Sunday, July 10, 2005

In the past three years, physician Internet access has gone from 40% to nearly 100%. In 2002, 237,000 physicians were using online CME, now that number is over 500,000. That is over 70% of practicing US physicians. According to February 2005 MED AD NEWS:


Manhattan Research found a range of online continuing-medical-education use. The group with the least reliance on the Internet for continuing medical education comprises 161,000 physicians who use the Internet for an average of 3.8% of continuing-medical-education hours. About 112,000 physicians are moderate users who are online for 10.8% of their total continuing medical education. The electronic continuing-medical-education group most dependent on the online venue account for almost 40% of toal continuing-medical-education hours online. This group comprises 145,000 physicians.

Lectures have proven to be the least effective way of educating physicians, if the goal of education is to change practices.

1 Comments:

At 9:11 PM, Blogger Robert E. Sweeney, DA, MS said...

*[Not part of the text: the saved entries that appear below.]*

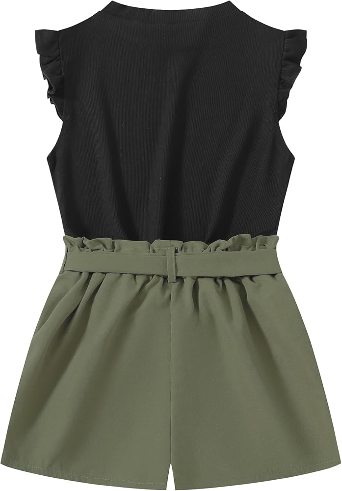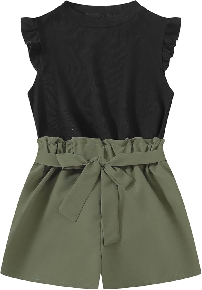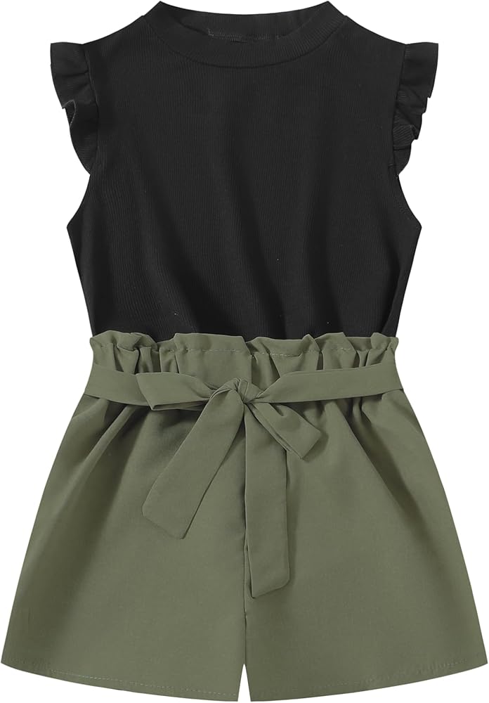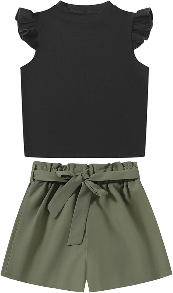 Feature: Simple crew neck design, basic solid color, cute cap sleeve Tops with ruffle trim, shorts are elastic waist design make kids more convenient and comfy. Girls will love this fashionable summer outfit!
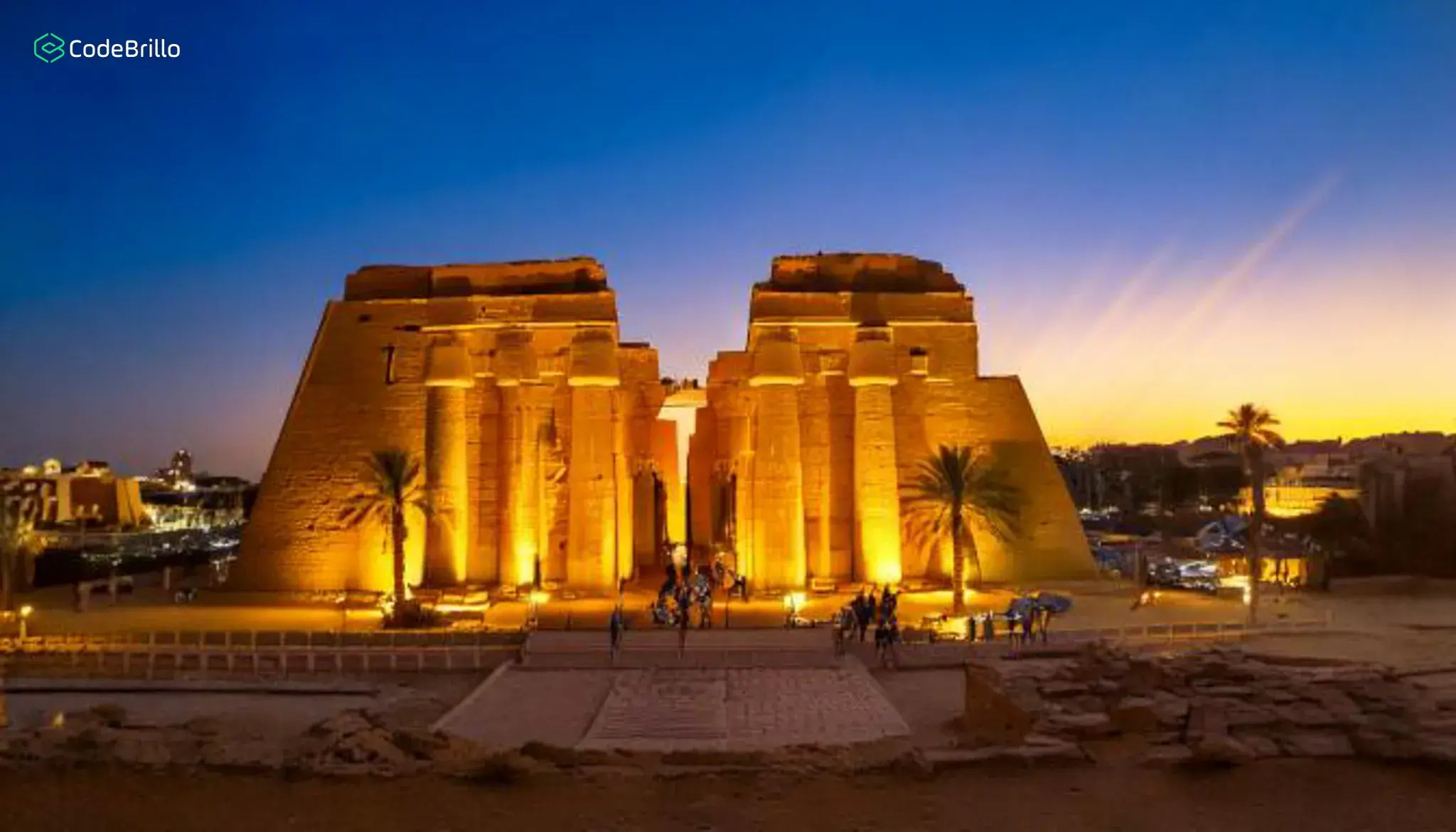 Visit Luxor Temple under the magical glow of evening lights.
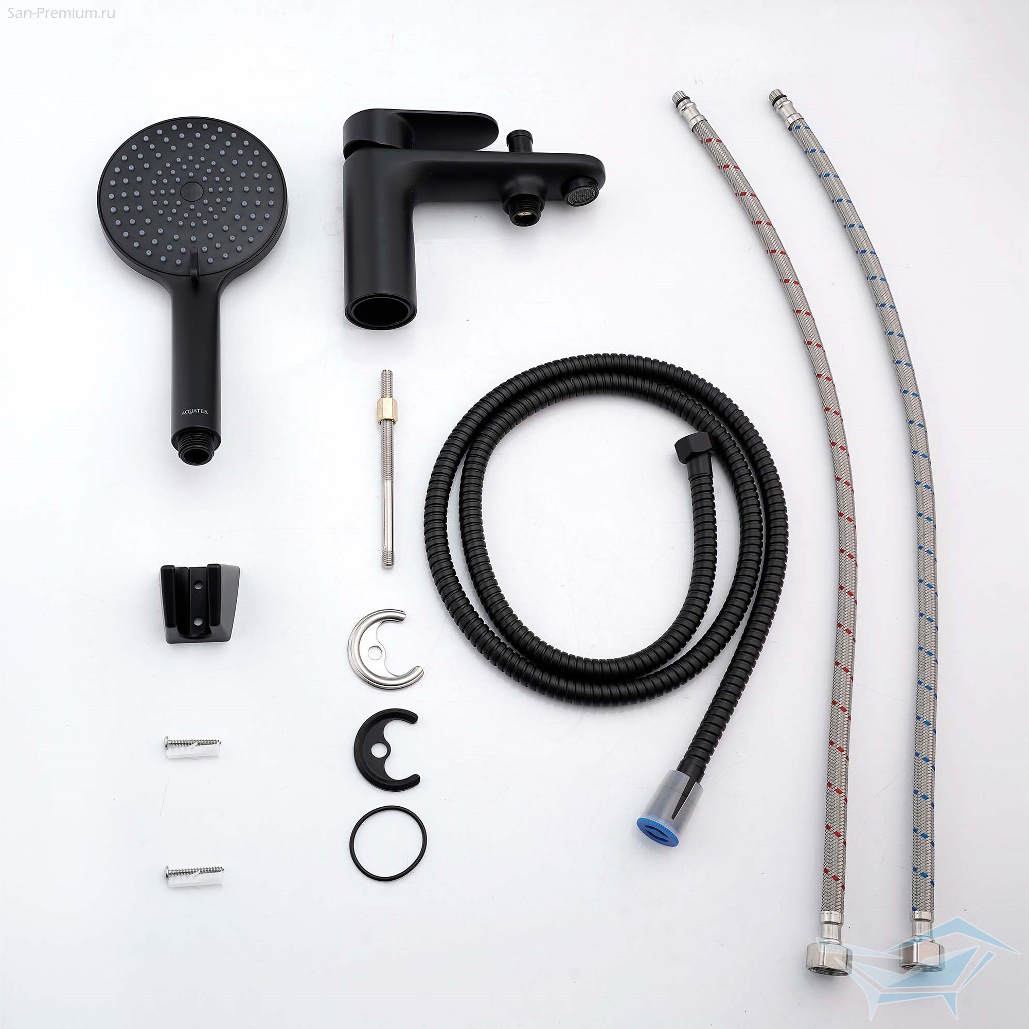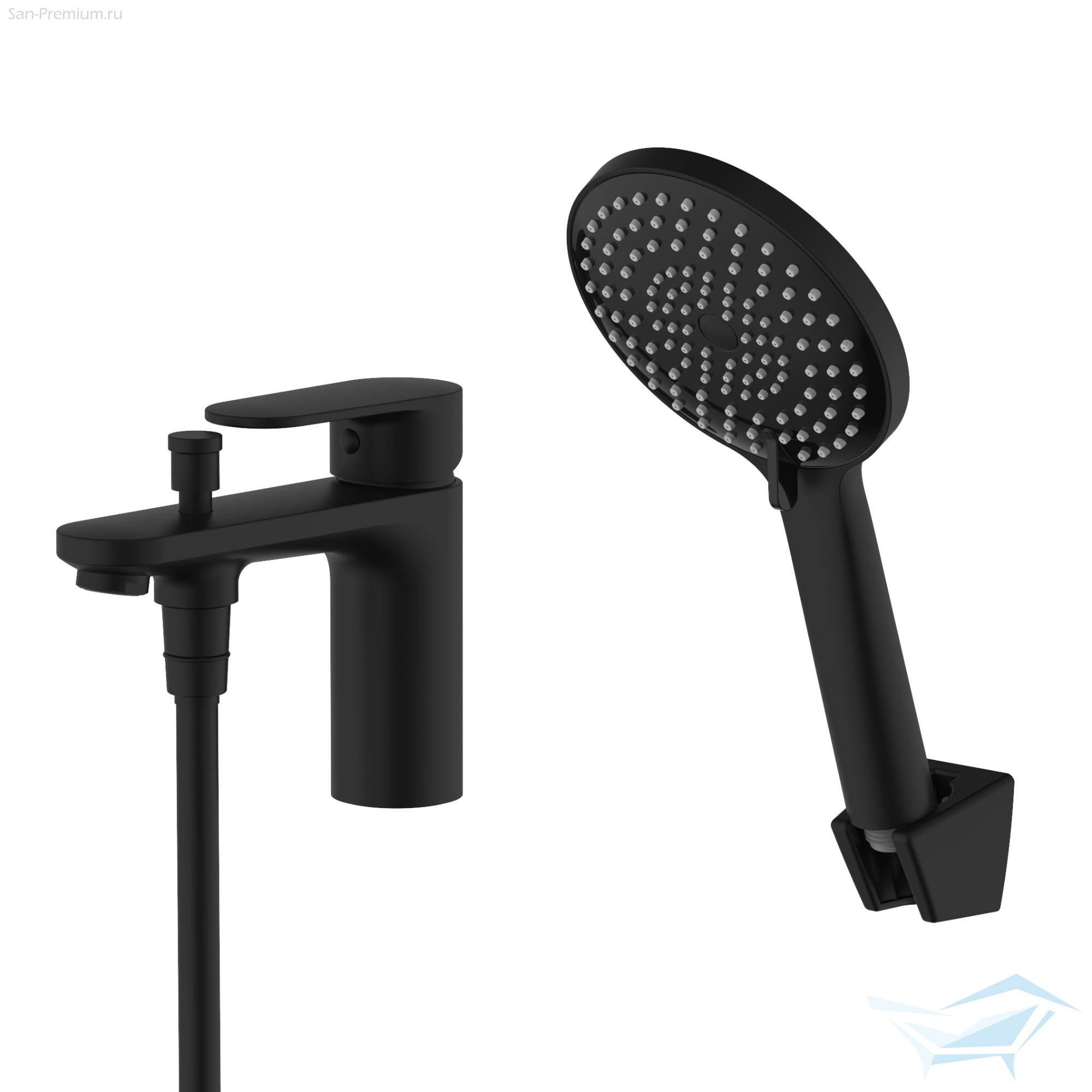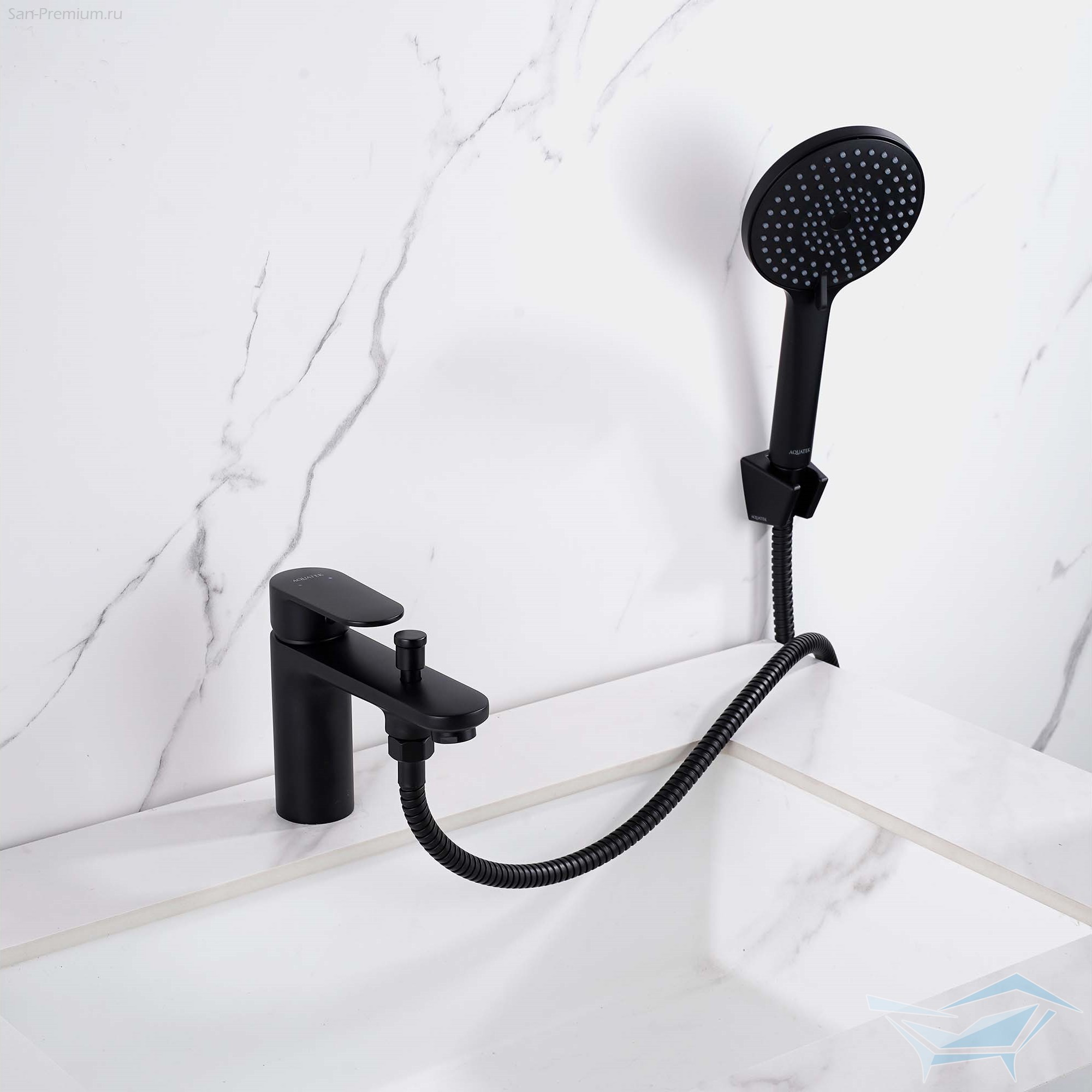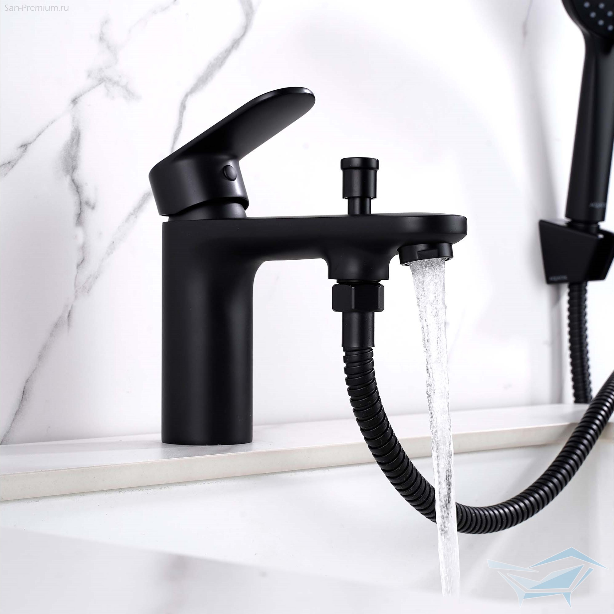 Смеситель врезной на борт ванны Aquatek Ника, на 1 отверстие, матовый чёрный

There are channels by which commercial companies can gain the confidence of physicians and the credible appreciation of their services and products. In my view, the use of academically-sponsored content is part of that key. While docs may use commercially sponsored CME to meet some arbitrary annual requirement, they have absolutely no confidence in or allegiance to that decision when it comes to patient care. However, if you give them content with a university seal of approval on it, then they will consider it to be credible.